Although hyperbolic decay might also be observed for systems with a large
number of independent emitters, Popp and Li10 maintain that under the particular
conditions in which they have measured hyperbolic decay for light from
organisms, the long-lasting hyperbolic decay observed for induced light
emission is a sufficient condition for coherence." (4)

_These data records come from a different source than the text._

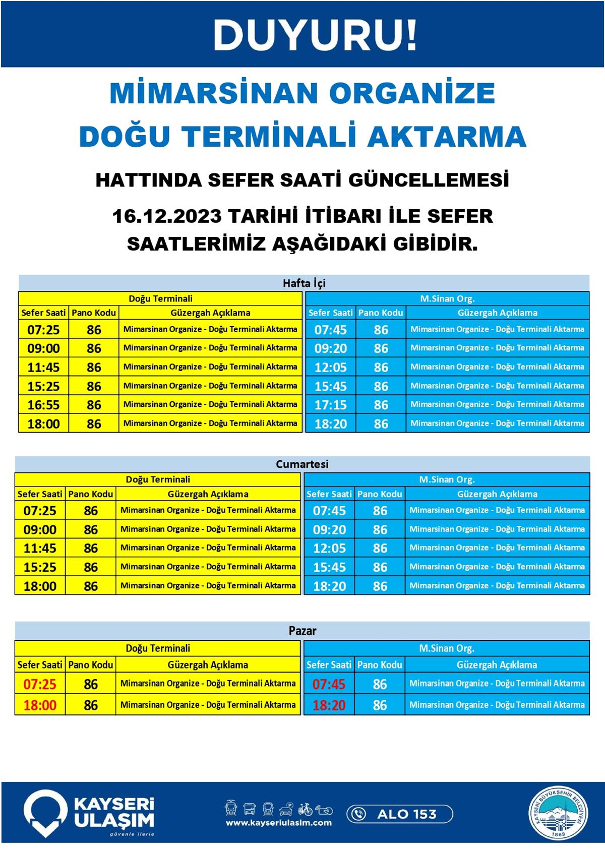 MİMARSİNAN ORGANİZE DOĞU TERMİNALİ AKTARMA HATTINDA SEFER SAATİ GÜNCELLEMESİ
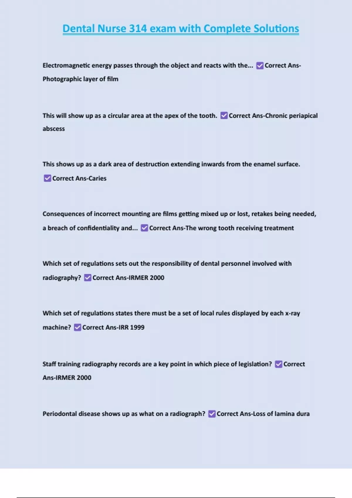 , Dental Nurse 314 exam with Complete Solutions
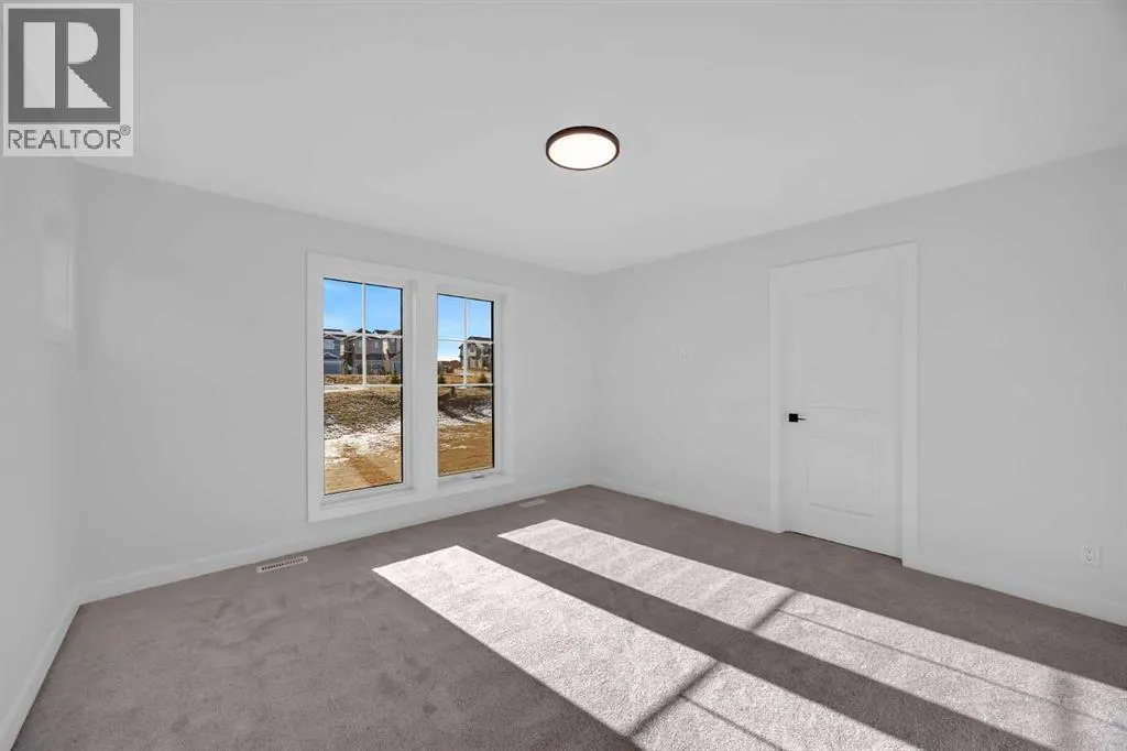 Welcome to the Concord II by Broadview Homes, a brand new home with a detached garage, Hardie exterior siding, and a rare park-facing lot in Vermilion Hill, one of Southwest Calgaryâs most nature-focused new communities. Offering 3 bedrooms, 2.5 bathrooms, a main floor flex room, and future basement suite rough-ins, this home delivers modern style with long-term flexibility. The main level features a versatile front flex space ideal for a home office or guest area, along with an open-concept layout designed for everyday living. The kitchen includes quartz countertops, a large 7â6â island, and cabinetry to the ceiling for a clean, elevated finish. The dining and great room flow seamlessly together, highlighted by an electric fireplace with stunning floor-to-ceiling tile detail. Upstairs, the primary suite offers a walk-in closet and a beautifully finished ensuite with dual vanities, a fully tiled shower, and a soaker tub. Two additional bedrooms, a full bathroom, and upper-level laundry complete the upper floor.Outside, enjoy a completed deck, detached garage, and the unique lifestyle benefit of fronting directly onto park space. Vermilion Hill is surrounded by exceptional outdoor amenities, just steps from Fish Creek Park with quick access to Weaselhead Flats, Glenmore Reservoir, and the Tsuutâina Trail. With mountain views, planned greenways, future parks, and Dark Sky community designation, this is a rare opportunity to own a new home in one of Calgaryâs most scenic southwest locations. (id:27476)
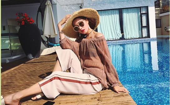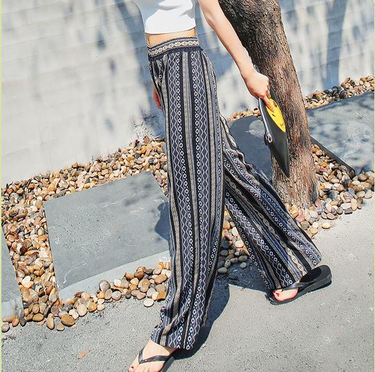 2017新款夏季海边度假裤波西米亚长裤沙滩民族风高腰阔腿裤裤子女

- It is possible that biophotons may even be carriers of
psi information and that a coherent coupling can be established between
two conscious life forms resulting in a transference of information from
a higher potential field to a field at lower potential. Even though this
is conjecture at this point, it suggests other means by which disparate
life forms can communicate. We know there is a process by which trees communicate
and even signal each other in the face of danger. We may be exchanging
information with pets and other animals through biophotonic communication.
This may be how some people who have a green thumb affect plants they
care for. The possibilities have not been fully explored, but I suspect
that biophotonics will be a growing science in the 21st century.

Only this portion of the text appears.